Under the title Van Eyck to Dürer the Groeninge Museum in Bruges outlines the artistic exchanges between the Netherlands and Central Europe from about 1420 to 1530.
In terms of dates, the exhibition starts with the generation that included Van Eyck, Campin and Rogier Van Der Weyden and ends with the decade following Albrecht Dürer’s celebrated journey to the Low Countries in 1521.
Ars nova
The first part of the exhibition emphasises the rapid spread of the ‘ars nova’ between 1420 and 1450, Van Eyck’s huge reputation, and his influence on his contemporaries.
In the period following this (roughly 1450-1500) the picture became significantly more complex and it was much less a matter of one-way traffic.
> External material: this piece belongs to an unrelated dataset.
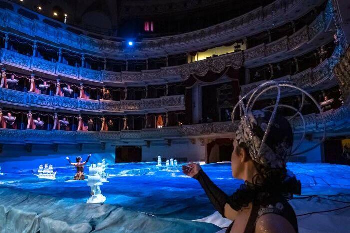 Monti firma anche scene e costumi di questo allestimento che arriva da Modena e che è stato adattato alle nuove esigenze sanitarie. Le poltrone sono impacchettate alla Christo e modellini di navi poggiate sulla tela macchiata di azzurro trasformano la platea nel mare su cui si avventura Enea per fondare un impero ma abbandonando la sua Didone. I coristi sono distribuiti nel palchi, i cantanti sono a debita distanza (e non per l’imposizione degli dèi…) così come gli orchestrali nella buca allargata e alzata a livello del pavimento della platea.

Processes of mutual artistic interaction took shape, largely stimulated by travelling artists and by the great and rapid boom in printmaking, which enabled motifs and styles to be distributed at lightning speed. Such painters as Michael Wolgemuth, Martin Schongauer and Hans Holbein the Elder travelled to Flanders from every corner of the Holy Roman Empire and their work was demonstrably influenced by the masters of the Low Countries.
Some of them, Hans Holbein for instance, settled permanently in the Southern Netherlands and themselves even became part of the canon of the Flemish Primitives. But it is equally characteristic of this period that the work (especially the prints) of such masters as Schongauer Israhel von Meckenem and the Hausbuchmeister influenced artists in the Low Countries.
Dürer
The culmination of this process was the printed work of Dürer, which was exceptionally popular in the Low Countries and all over Europe in the first few decades of the 16th century. It is with this artist that the exhibition ends, and the influence he had on the generation that included Jan Gossaert, Joachim Patinir, Barent van Orley and Quinten Massys. In this third wave, the influence came mainly from the East to the Netherlands, thus reversing the process that started with Van Eyck.
Van Eyck to Dürer, at the Groeninge Museum in Bruges
from 29 October 2010 to 30 January 2011.